Economist, Mark Your Words

The current (May 7th) edition of The Economist observes that Arne Duncan’s results as secretary of education will determine “whether it is worth continuing with moderate education reforms — for if these reforms cannot succeed with $100 billion and a golden boy at the helm, they never will.”

It would be nice if they remember those words four or eight years from now. It would be even nicer if they realized that it is unnecessary to reserve judgment for that long. In Cato’s 2009 Handbook on Policy, I point out that the federal government has spent $1.85 trillion on education since the mid 1960s, with precious little to show for it. Duncan’s $100 billion is pocket change by comparison.

The Economist is also mistaken, as I was in March, in thinking that Duncan or Obama might save the D.C. voucher program. They have done no such thing. They merely seek to kill it by attrition rather than abolishing it outright. The program’s best bet now is for the District of Columbia to take it over.

Civil Liberties Surge

There’s encouraging news in recent polls about two civil liberties issues — marriage equality and marijuana legalization — and it’s got some observers talking about “tipping points” and “a bandwagon effect.”

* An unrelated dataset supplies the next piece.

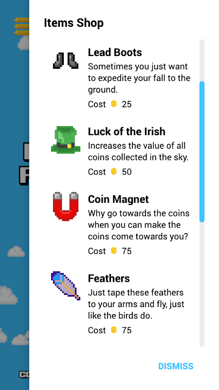 W Without a Parachute musisz machać swoimi „skrzydłami” (ramionami) tak szybko, jak to możliwe, aby spróbować opóźnić nieuniknione. Po drodze możesz zbierać monety, które pomogą ci kupić niesamowite power-upy, które jeszcze bardziej zwiększą twoje szanse na sławę i chwałę w przestworzach. Co dziwne, sklep z przedmiotami nie sprzedaje prawdziwego spadochronu...

Take marijuana: A poll released yesterday by Zogby and the O’Leary Report found that 52 percent of respondents would favor legalizing marijuana, with 37 percent opposed. That’s the first poll I’ve seen that found a majority in favor. (The poll was released in a full-page ad in The Hill newspaper on May 6 and does not appear to be online. It had a sample of 3,937 voters from the 2008 election, weighted to reflect the election outcome. Presumably it was an online poll, but if it had any bias it appears to be in a conservative direction: other results included 57 percent support for the “tea parties,” 71 percent opposition to new gun control laws, 57 percent opposition to cap-and-trade, and 53 percent opposition to legislation that would pressure radio stations to provide “diversity.” Of course, it’s kind of scary that only 53 percent of respondents opposed ideological censorship of radio.)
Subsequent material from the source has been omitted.